If someonelse could get your password db file (e.g. .kdbx file for keepass), maybe due to a hacking attack, how threaten is your security in fact? Of course this is a problem and you should change all your passwords, but how "dangerous" is this really? Is there any value without having the master password?
If you've picked a strong master password, they've effectively got an encrypted blob of data which they can try brute force your password from, but may never succeed (Assuming that the password DB format is free from errors).
However, unlike with a website password or other online service (Chat/ssh/etc), there are no limits on how many times they can try different passwords, or on what speed the password comparison runs at - they can send copies of the file to thousands of machines and try to brute force starting from different places to minimise the time to find the password. With a website, the web server is the limiting factor - even with thousands of source machines, it will only do comparisons at a rate it can support, or it'll fall over.
For a really good password, this doesn't matter - the number of potential passwords is far too high to try them all in a useful time (assuming for the purpose of argument that whatever data you have is probably not very useful to anyone in a few thousand/million years).
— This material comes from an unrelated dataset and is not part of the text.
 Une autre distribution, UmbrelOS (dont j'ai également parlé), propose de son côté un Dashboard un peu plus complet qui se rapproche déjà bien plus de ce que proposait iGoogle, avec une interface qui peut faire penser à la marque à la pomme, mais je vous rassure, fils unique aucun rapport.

Picking and remembering a really good password is harder though, so it's possible that it is actually a quote from a book or common phrase, which might be tried sooner than pure brute force would suggest.
If, on the other hand, you have a weak master password, they've got an easy to decrypt list of passwords and sites, and it probably won't take them long to get access.
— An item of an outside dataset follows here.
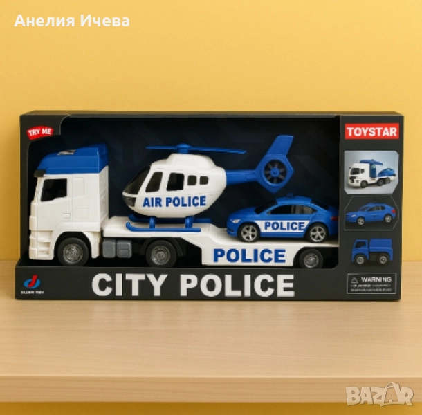 Тип продукт: Коли и писти за колички; 3 в 1 играчка: включва автовоз, полицейска кола и хеликоптер; Интерактивни функции: бутони със звукови ефекти и светлини (Try Me); Реалистичен дизайн: вдъхновен от истинска градска полицейска техника; Образователна стойност: насърчава ролевата игра, координацията и въображението; Безопасна за деца: изработена от висококачествени и нетоксични материали; Ефекти: светлини и звуци при натискане на бутон (на кабината на камиона) 1 бр. голям полицейски автовоз; 1 бр. спортна полицейска кола; 1 бр. хеликоптер с въртящи се перки.

Additional - based on @André's comment:
As André says, if the hack occurred on a device where the database is used, as opposed to one where it is just stored (main PC vs. backup server), there is a chance of a keylogger being used to find the master password. As a result, it would be recommended not to open any password databases on machines which are suspect until they have been completely rebuilt from a clean state. Most password managers try to prevent passwords being read from memory, although this is not 100% perfect, but again, this can be avoided by not opening the database on suspect devices (or ones which you don't have control over).